I had considered just randomly driving around the Lawrenceville Highway area in hopes that some Hindus may have clutter in their yard. Maybe I could find a large Ganesh statue with a missing tusk for fifty cents. Maybe the Bosnians, Buddhists and Copts (who knows when they celebrate the holiday?) of Clarkston might be having sales.
But sadly in today’s AJC, the 805 section of the classifieds was empty and no notices were seen on any nearby utility poles.
I wondered if this was true all over the nation. In cosmopolitan cities such as Los Angeles I found two moving sales in the classifieds of the LA Times.

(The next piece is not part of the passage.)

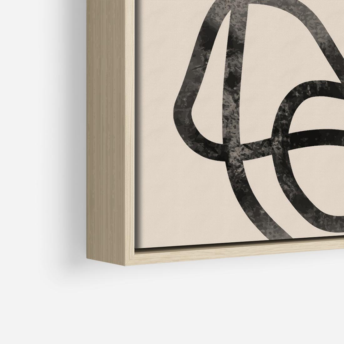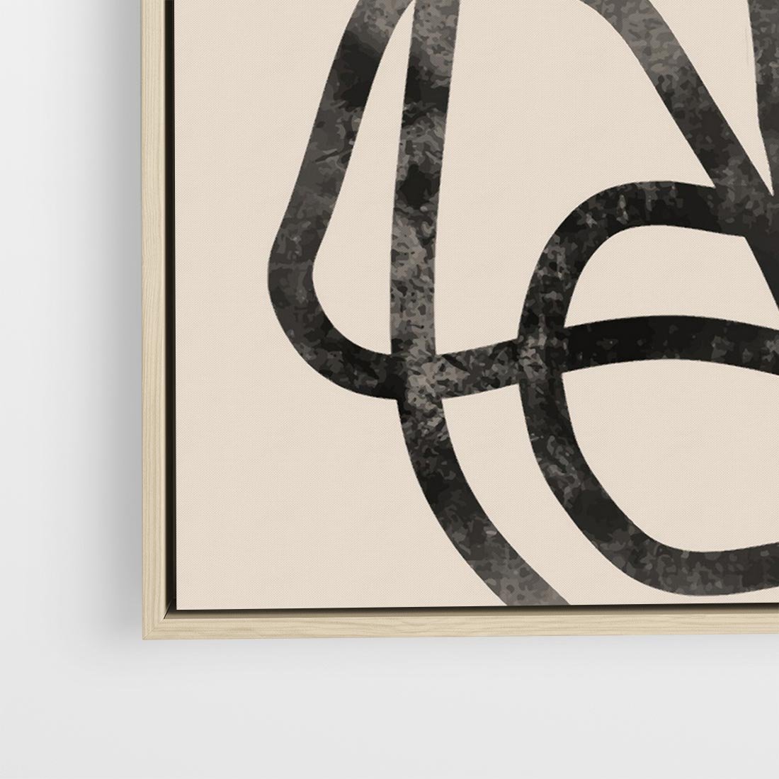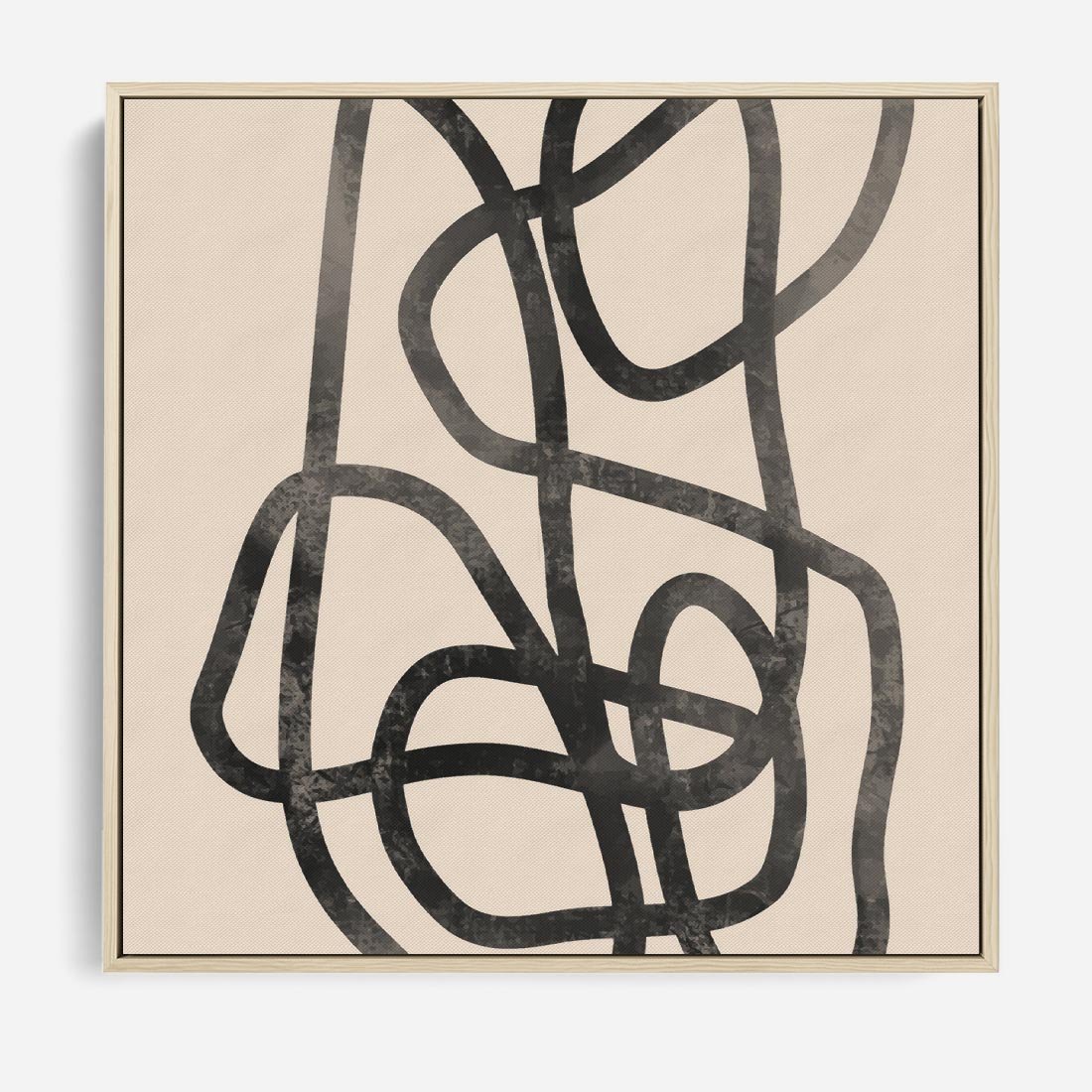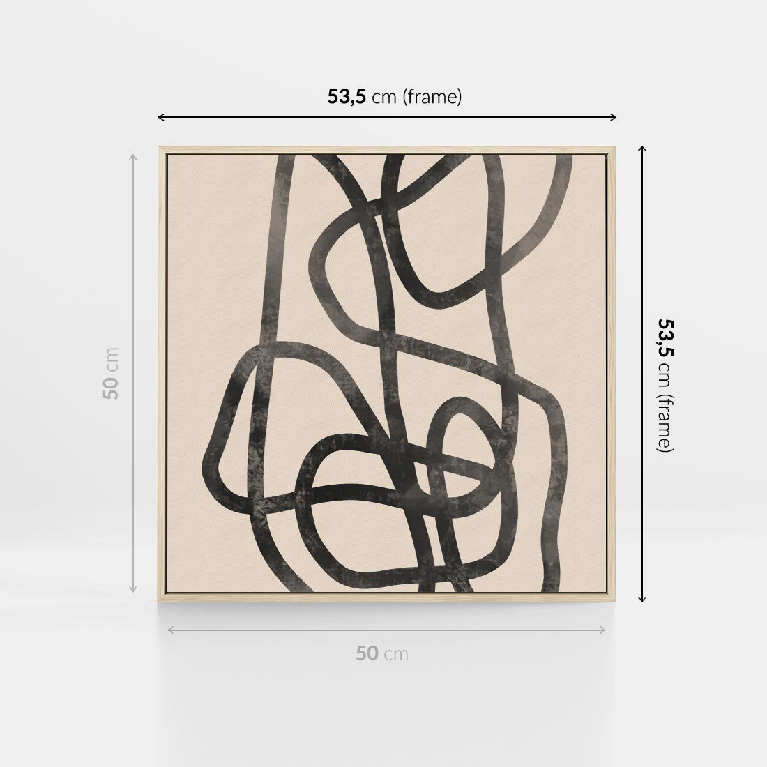 Obraz w ramie 50x50 - Przenikanie Wirtualnych Wymiarów - zaplątane minimalistyczne linie, na bezowym tle - rama drewno
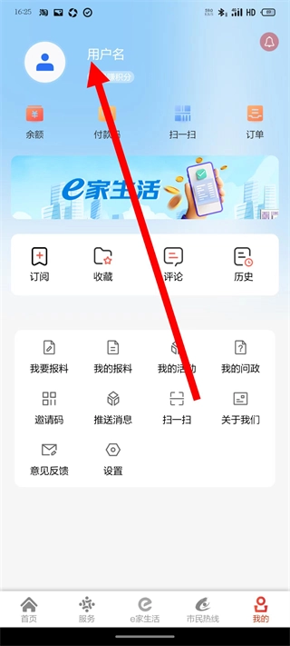 2、在个人页面,点击用户名区域,进入登录界面。

Among the items offered were a bed, furniture, house wares CD’s and clothes.
San Francisco had two sales advertised in the Chronicle one was a moving sale with an Ikea TV stand, a desk and a lot of picture frames. In the Pacifica area there was an event termed a “Quality Relocation Garage sale” scheduled for Christmas day and the day after. This offered furniture, antiques knick-knacks, a TV and a VCR. The ad noted great stuff everything must go. This is the real holiday spirit.
Closer to home in The Miami Herald I found one sale on Christmas day in Palm Grove. This sale strangely offered mature plants and trees with the note “bring your shovel” perhaps this is a south Florida tradition of having the neighbors descend on your property on Christmas day armed with gardening implements to tear up your yard. Appliances, a lawn tractor, tools and odds and ends were also promised.
Checking on the far side of the world where it’s summer I found no sales scheduled on Christmas day in the classified ads of newspapers in Sydney or Melbourne. Perhaps I should check some of the English language papers of India. Someone may even have a broken Ganesh figure for sale.